SPIES OF WARSAW: ALAN FURST

Posted: January 14, 2013 in France, Germany, Poland, spy story

41bj7+hXB3L._SL160_PIsitb-sticker-arrow-dp,TopRight,12,-18_SH30_OU02_AA160_I will possibly have more to say about this superb spy thriller after I have watched the final TV episode some time next week. I intend to watch the two episodes straight through as I believe that will be fairer to the adaptation of the novel, and I might forget the plot with a week interval between episodes.

The Spies of Warsaw, set in 1937, was an even better book than Spies of the Balkans, it had a bit more history, an interesting main character in Mercier and plenty of tension. Alan Furst cleverly blends real life events and personalities with his fictional characters. The  narrative style is episodic but that does not jar because of the packed content in those episodes. The author switches third person perspectives occasionally from the French military attache, the dashing aristocratic widower Colonel Mercier, to the German engineer Edvard Uhl, a secret agent, or the vindictive SD Major August Voss, but the tension never flags.

‘Evil bastards, Jean-Francois, they’ve got their whole country in prison. I have friends who are Jews, a couple , who fled Frankfurt with their clothes on their backs. No doubts great threats to the government: cellists, both of them. Did you know that, by German law, persons of more than twenty-five per cent non-Aryan blood are forbidden to play Beethoven, Mozart, Bach or any other Aryan composer?’

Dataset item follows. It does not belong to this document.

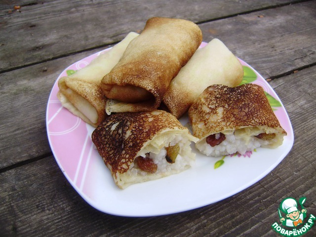 Блинчики великолепные, никогда бы не подумала, что они постные. Начинка очень интересная, но ее действительно много получается. Так что половину риса можно смело использовать для другого рецепта.

The reader learns all about the duties of Jean-Francois Mercier, and the reality that military attache really means a “spy”, working for the French Deuxieme Bureau. We accompany him to smart embassy dinners, to social events and on his dangerous investigative activities. He deals with both German secret agents, the Abwehr [German Military Intelligence] and the anti-Nazi ex-Nazis from Otto Strasser’s organisation, the survivors of Hitler’s purge on the Night of the Long Knives in 1934. He helps Russian NKVD operatives avoid the dreaded trip back to Moscow, and “nine grams”. [The weight of a bullet is slang for execution.] He checks fortifications on the Polish-German border, and tank exercises in the Black Forest. 

‘So Marshal Petain, the hero of Verdun, much honoured, idolized, even, has persuaded himself he is omniscient. In a recent pamphlet, he wrote “The Ardennes forest is impenetrable; and if the Germans were imprudent enough to get entangled in it, we should seize them as they came out!”‘

The reader learns about  Mercier’s teenage years, his relationships with women, and especially his romance with intriguing Anna Szarbek, a lawyer with the League of Nations. And on top of all the personal details we learn about the articles and books written on tank tactics by Basil Liddell-Hart, and Charles De Gaulle. These are almost totally ignored by the French and British General Staffs, but their ideas are eagerly adopted by German officers including Heinz Guderian, and Erwin Rommel with devastating effect in the Blitzkreigs of 1939 [Poland] and 1940 [France]. This is just the sort of book that should be read by young people starting on their GCSE History of the Second World War course at 15 or 16, because it gives you a lot of facts in an easily digestible form alongside, both an exciting spy story and a love story. It makes history interesting, and as a result I am becoming a bit of an addict for Alan Furst’s writing. Although of course as well as history you get the tension and  excitement of spying and other activities.

Then they kissed for a while, the tender kind, touch and part-until she raised her arms so he could take her sweater off. Small breasts in a lacy black bra. For a day at the Cracow office?

Madame Dupin, you told.  

Comments
  1. Margot Kinberg says:

    Norman – Oh, I’m so pleased this was as good as you’d hoped it would be. What a nice blend of accurate history and a good, good story. I’m glad you liked it as much as you did and I’ll be interested to hear what you say when you’ve seen the TV episode.